▸ **Raw data**
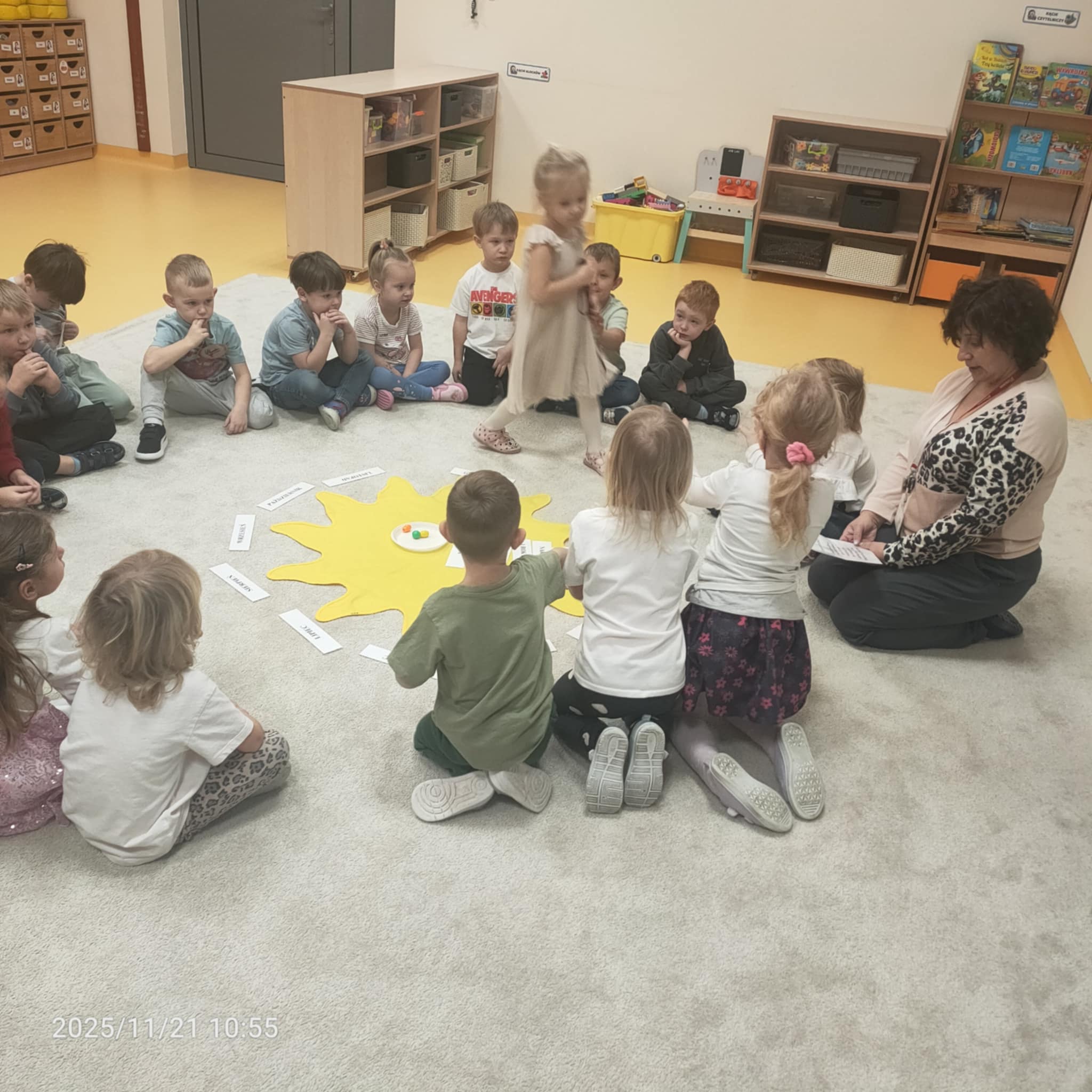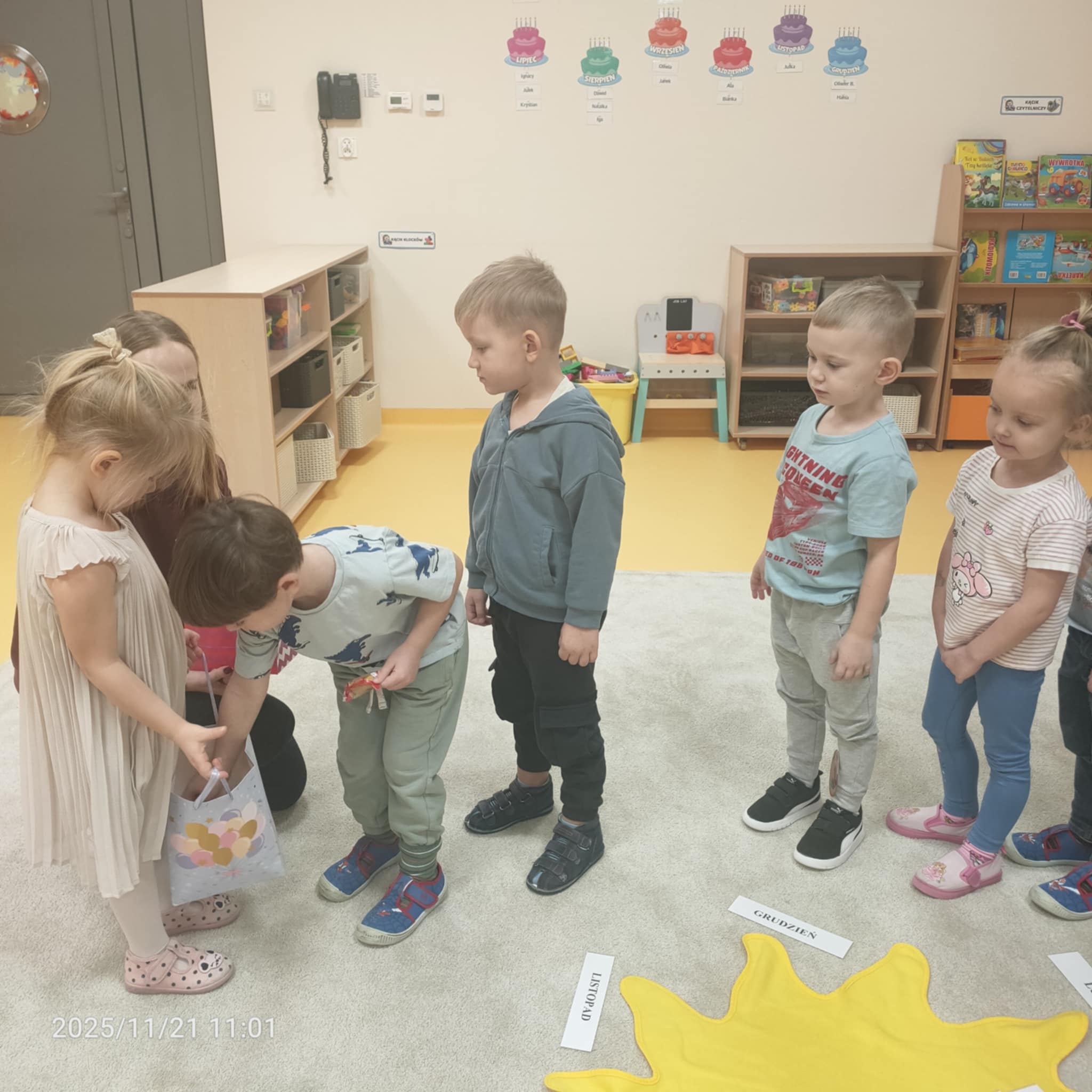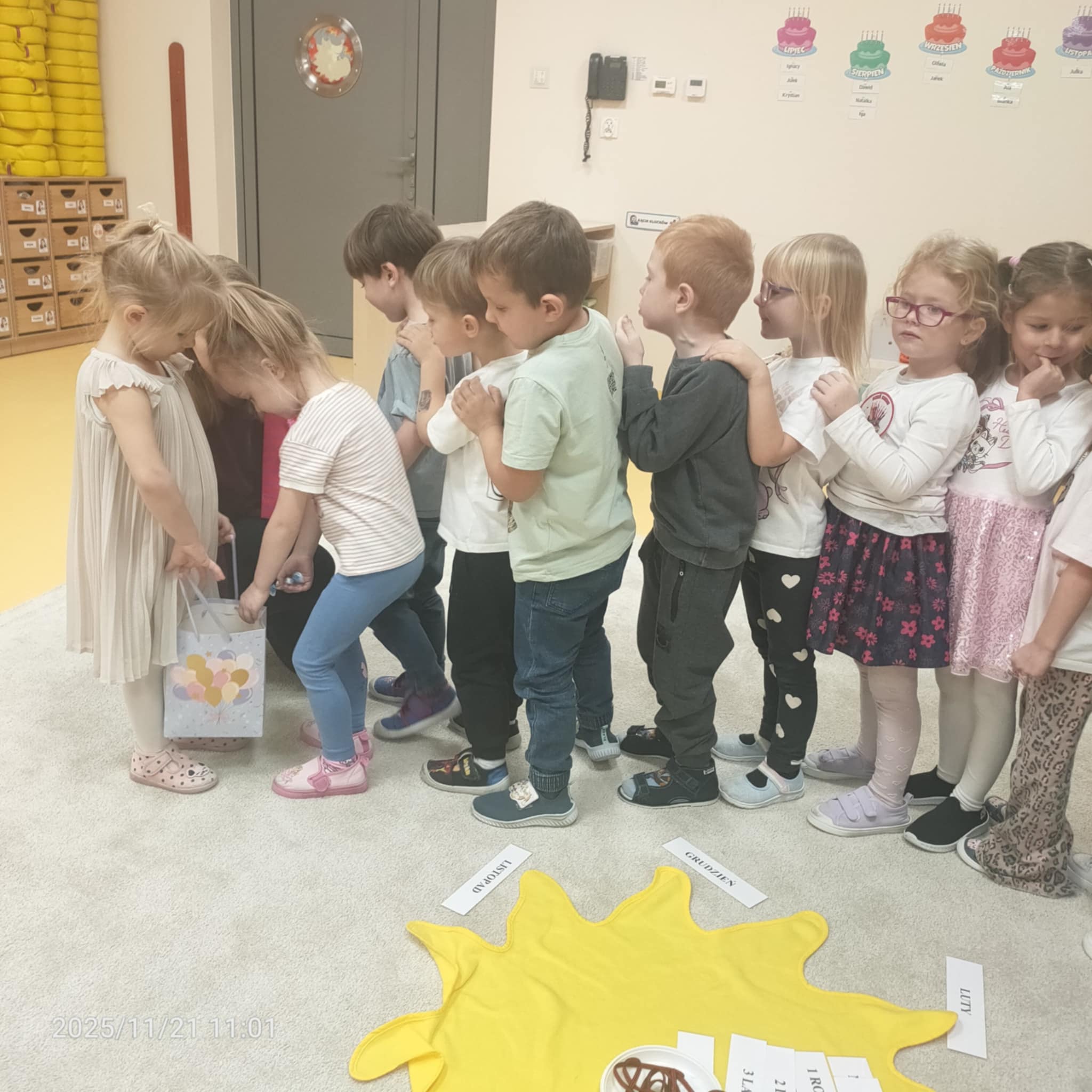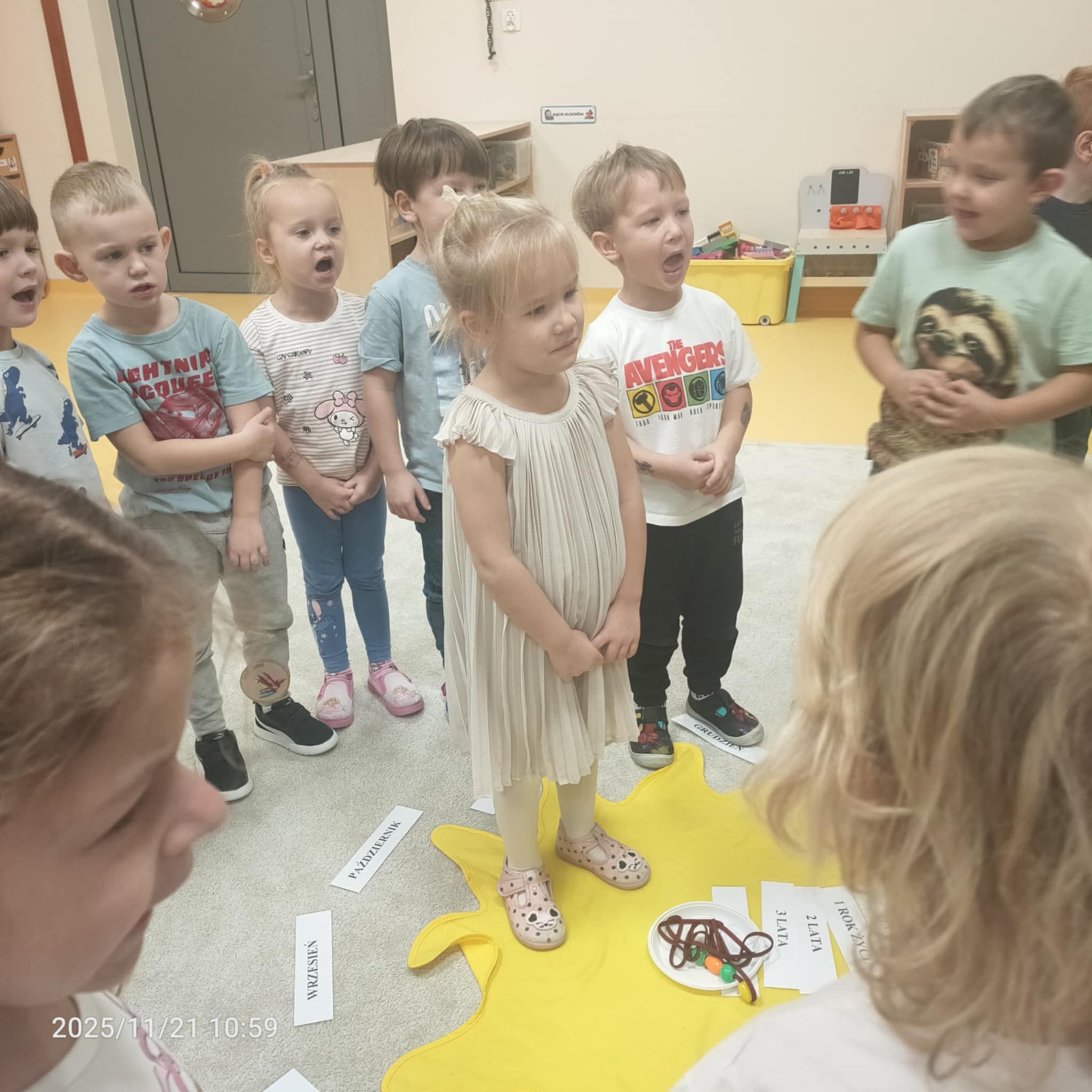 Gdy Julka zakończyła nawlekanie koralików, wszyscy w radosnej atmosferze zaśpiewali Sto lat, co dodało magii temu momentowi. A na koniec, aby uczcić tę wyjątkową okazję, JUlka poczęstowała wszystkich cukierkami, co z pewnością sprawiło wszystkim wiele radości. Tego rodzaju obchody nie tylko umacniają więzi przyjaźni między dziećmi, ale także wprowadzają je w wartości tradycji i wspólnego świętowania.
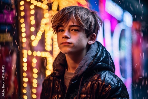 Casual fashion portrait photography of a tender mature boy wearing a cozy winter coat against a neon sign background. With generative AI technology
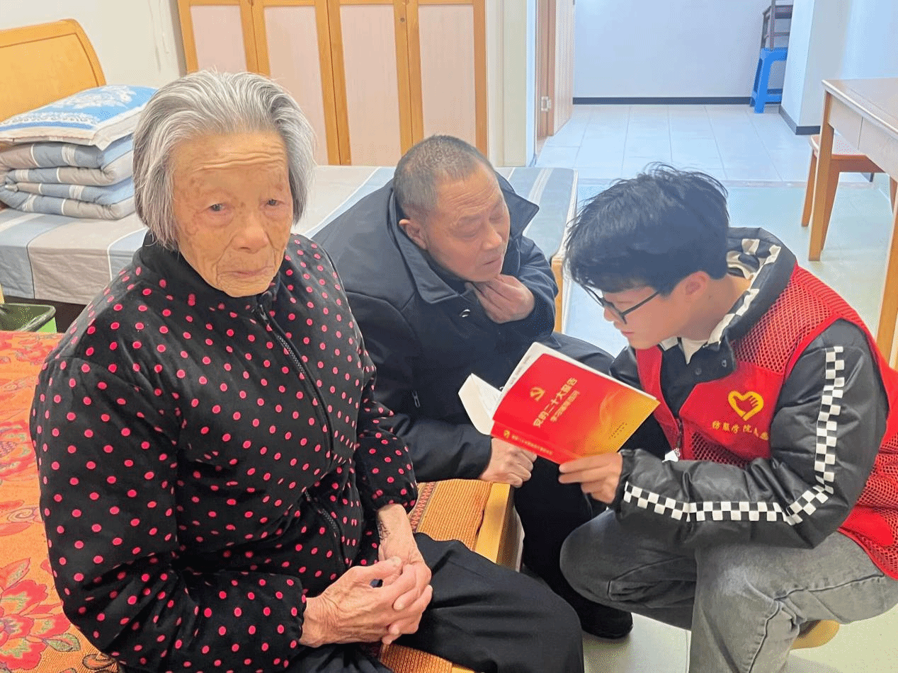 “为全面建设社会主义现代化国家、全面推进中华民族伟大复兴而团结奋斗!”纺服学子大声地朗读着党的二十大报告内容,爷爷奶奶们慢慢围了过来仔细地聆听着。在宣讲结束后,志愿者们与爷爷奶奶亲近交流,拉拉家常,用心聆听老人们的诉说,关心他们的身体健康,给爷爷奶奶的内心送上了十足的温暖和依靠。

▸ **What needs to be done**
The lines to repeat run from the line containing "Casual fashion portrait" through the end of the listing above, both included; give them exactly and without pictures.

▸ **Solution for this task**
 Casual fashion portrait photography of a tender mature boy wearing a cozy winter coat against a neon sign background. With generative AI technology
 “为全面建设社会主义现代化国家、全面推进中华民族伟大复兴而团结奋斗!”纺服学子大声地朗读着党的二十大报告内容,爷爷奶奶们慢慢围了过来仔细地聆听着。在宣讲结束后,志愿者们与爷爷奶奶亲近交流,拉拉家常,用心聆听老人们的诉说,关心他们的身体健康,给爷爷奶奶的内心送上了十足的温暖和依靠。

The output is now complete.